So, substitute `v(t) = sin(alpha t)cos^2(alpha t) ` to the formula above.

`s(t) = intsin(alpha t)cos^2(alpha t) dt`

To integrate, apply u-substitution.

Let,

`u = cos (alpha t)`

Then, differentiate u.

`du = -sin (alpha t) * alpha dt`

`-(du)/alpha = sin (alpha t) dt`

Replacing `cos (alpha t)` with `u` and `sin (alpha t)dt` with `-(du)/alpha` yields,

`s(u) = int u^2 * (-du)/alpha = -1/alpha int u^2 du`

Then, apply the power formula of integral which is `int u^n du = u^(n+1)/(n+1) + C ` .

`s(u) = -1/alpha u^3/3 + C`

`s(u)= -u^3/(3alpha) + C`

Substitute back `u= cos (alpha t)` to return to the function s(t).
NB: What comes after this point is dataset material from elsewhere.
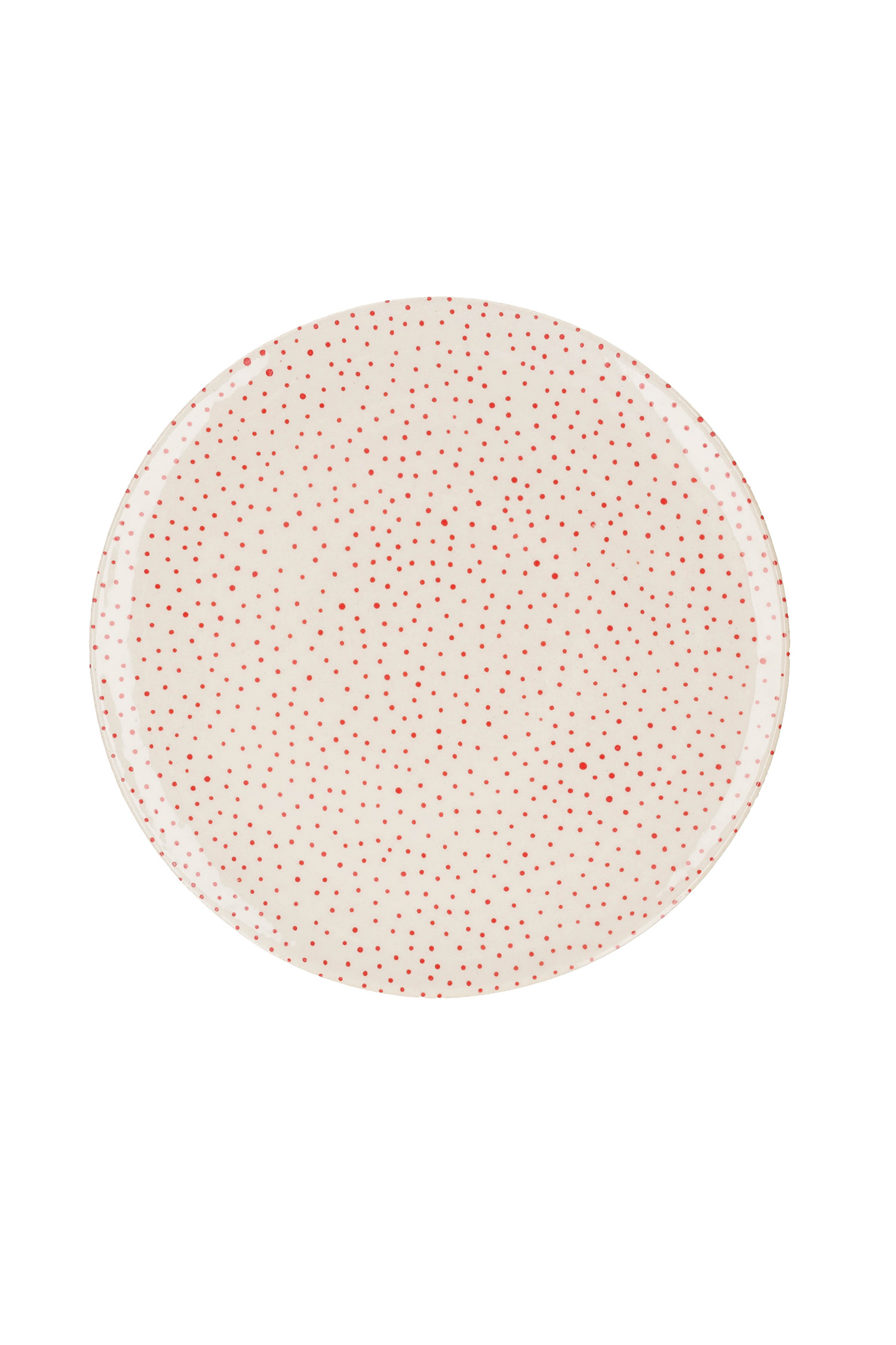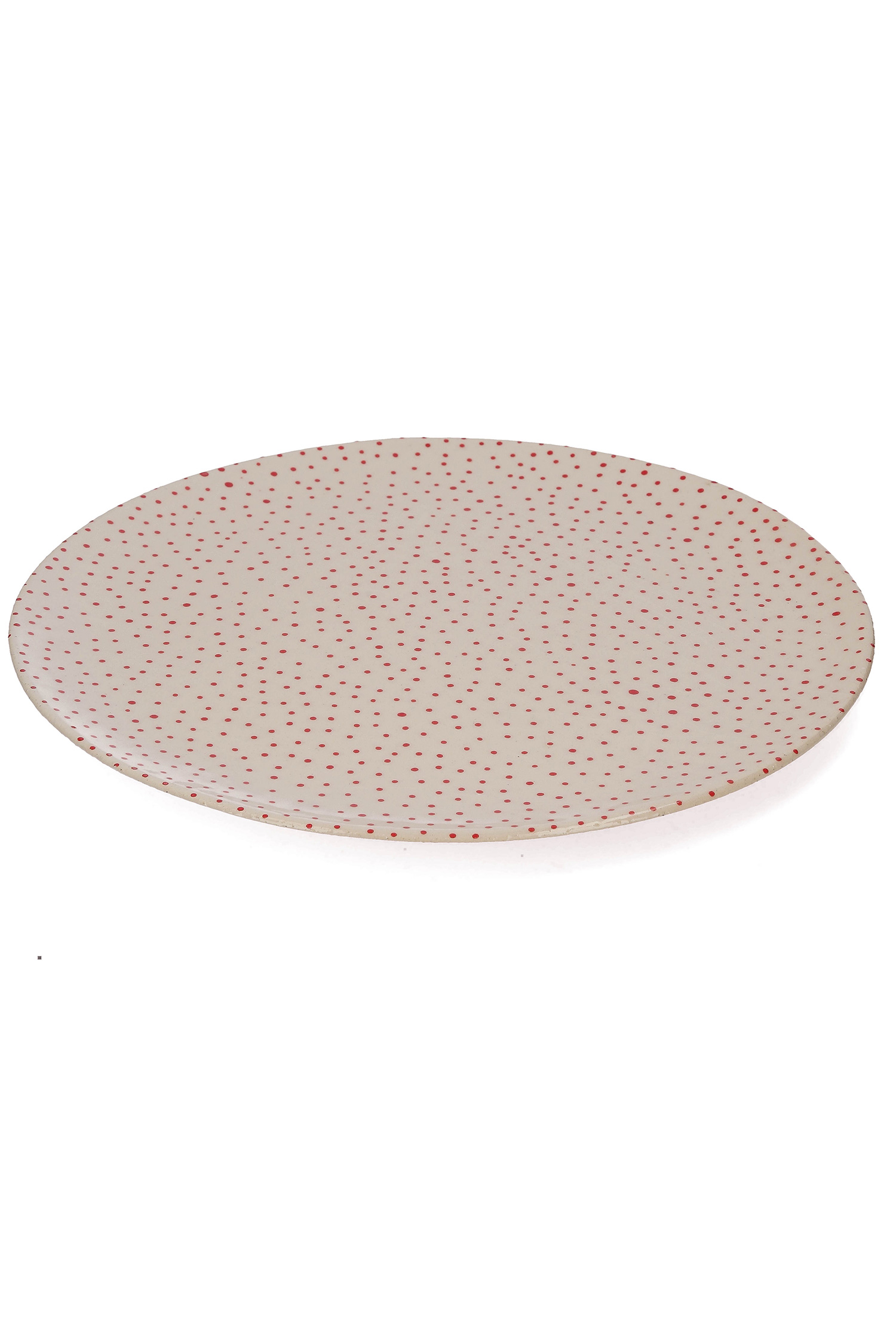 Grande assiette en céramique beige recouverte de petits pois rouges.

`s(t) = -(cos^3 (alpha t))/(3alpha) + C`

To determine the value of C, use the given condition s(0) = 2

`2 = -(cos^3(alpha*0))/(3alpha)+ C`

`2=-1/(3alpha)+C`

`1/(3alpha)+ 2=C`

**Hence the position function is:**

**`s(t) = -(cos^3(alpha t))/(3 alpha) + 1/(3alpha)+2` **